__What is needed__
Keeping every character in place, output all the data.

Source material: Begin

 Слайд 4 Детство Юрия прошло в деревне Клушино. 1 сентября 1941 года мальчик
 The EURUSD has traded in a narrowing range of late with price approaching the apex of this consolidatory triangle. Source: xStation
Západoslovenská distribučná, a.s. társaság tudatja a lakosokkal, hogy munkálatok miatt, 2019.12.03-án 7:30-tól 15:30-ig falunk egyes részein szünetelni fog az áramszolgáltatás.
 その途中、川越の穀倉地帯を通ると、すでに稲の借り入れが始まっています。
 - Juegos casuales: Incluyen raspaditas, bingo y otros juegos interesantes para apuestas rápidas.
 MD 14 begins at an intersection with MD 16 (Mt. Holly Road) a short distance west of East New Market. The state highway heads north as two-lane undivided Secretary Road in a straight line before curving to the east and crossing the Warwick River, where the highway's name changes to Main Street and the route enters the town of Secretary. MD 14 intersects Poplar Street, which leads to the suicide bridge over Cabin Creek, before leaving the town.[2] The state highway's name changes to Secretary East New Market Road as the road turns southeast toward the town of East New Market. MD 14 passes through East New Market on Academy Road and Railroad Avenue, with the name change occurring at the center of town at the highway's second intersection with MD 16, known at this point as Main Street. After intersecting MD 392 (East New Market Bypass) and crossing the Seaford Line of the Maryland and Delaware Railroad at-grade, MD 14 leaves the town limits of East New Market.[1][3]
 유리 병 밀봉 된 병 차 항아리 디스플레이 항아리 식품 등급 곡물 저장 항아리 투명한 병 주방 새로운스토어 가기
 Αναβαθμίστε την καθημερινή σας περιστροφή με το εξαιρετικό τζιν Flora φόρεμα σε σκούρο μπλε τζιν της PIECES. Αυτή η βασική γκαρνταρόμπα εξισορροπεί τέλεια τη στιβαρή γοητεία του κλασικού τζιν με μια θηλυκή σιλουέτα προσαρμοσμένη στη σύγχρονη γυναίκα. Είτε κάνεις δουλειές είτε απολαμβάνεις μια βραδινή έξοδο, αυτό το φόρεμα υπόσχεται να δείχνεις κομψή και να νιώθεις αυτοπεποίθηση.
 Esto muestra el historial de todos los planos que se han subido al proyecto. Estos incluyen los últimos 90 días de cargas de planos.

Source material: End

__Solution to this problem__
 Слайд 4 Детство Юрия прошло в деревне Клушино. 1 сентября 1941 года мальчик
 The EURUSD has traded in a narrowing range of late with price approaching the apex of this consolidatory triangle. Source: xStation
Západoslovenská distribučná, a.s. társaság tudatja a lakosokkal, hogy munkálatok miatt, 2019.12.03-án 7:30-tól 15:30-ig falunk egyes részein szünetelni fog az áramszolgáltatás.
 その途中、川越の穀倉地帯を通ると、すでに稲の借り入れが始まっています。
 - Juegos casuales: Incluyen raspaditas, bingo y otros juegos interesantes para apuestas rápidas.
 MD 14 begins at an intersection with MD 16 (Mt. Holly Road) a short distance west of East New Market. The state highway heads north as two-lane undivided Secretary Road in a straight line before curving to the east and crossing the Warwick River, where the highway's name changes to Main Street and the route enters the town of Secretary. MD 14 intersects Poplar Street, which leads to the suicide bridge over Cabin Creek, before leaving the town.[2] The state highway's name changes to Secretary East New Market Road as the road turns southeast toward the town of East New Market. MD 14 passes through East New Market on Academy Road and Railroad Avenue, with the name change occurring at the center of town at the highway's second intersection with MD 16, known at this point as Main Street. After intersecting MD 392 (East New Market Bypass) and crossing the Seaford Line of the Maryland and Delaware Railroad at-grade, MD 14 leaves the town limits of East New Market.[1][3]
 유리 병 밀봉 된 병 차 항아리 디스플레이 항아리 식품 등급 곡물 저장 항아리 투명한 병 주방 새로운스토어 가기
 Αναβαθμίστε την καθημερινή σας περιστροφή με το εξαιρετικό τζιν Flora φόρεμα σε σκούρο μπλε τζιν της PIECES. Αυτή η βασική γκαρνταρόμπα εξισορροπεί τέλεια τη στιβαρή γοητεία του κλασικού τζιν με μια θηλυκή σιλουέτα προσαρμοσμένη στη σύγχρονη γυναίκα. Είτε κάνεις δουλειές είτε απολαμβάνεις μια βραδινή έξοδο, αυτό το φόρεμα υπόσχεται να δείχνεις κομψή και να νιώθεις αυτοπεποίθηση.
 Esto muestra el historial de todos los planos que se han subido al proyecto. Estos incluyen los últimos 90 días de cargas de planos.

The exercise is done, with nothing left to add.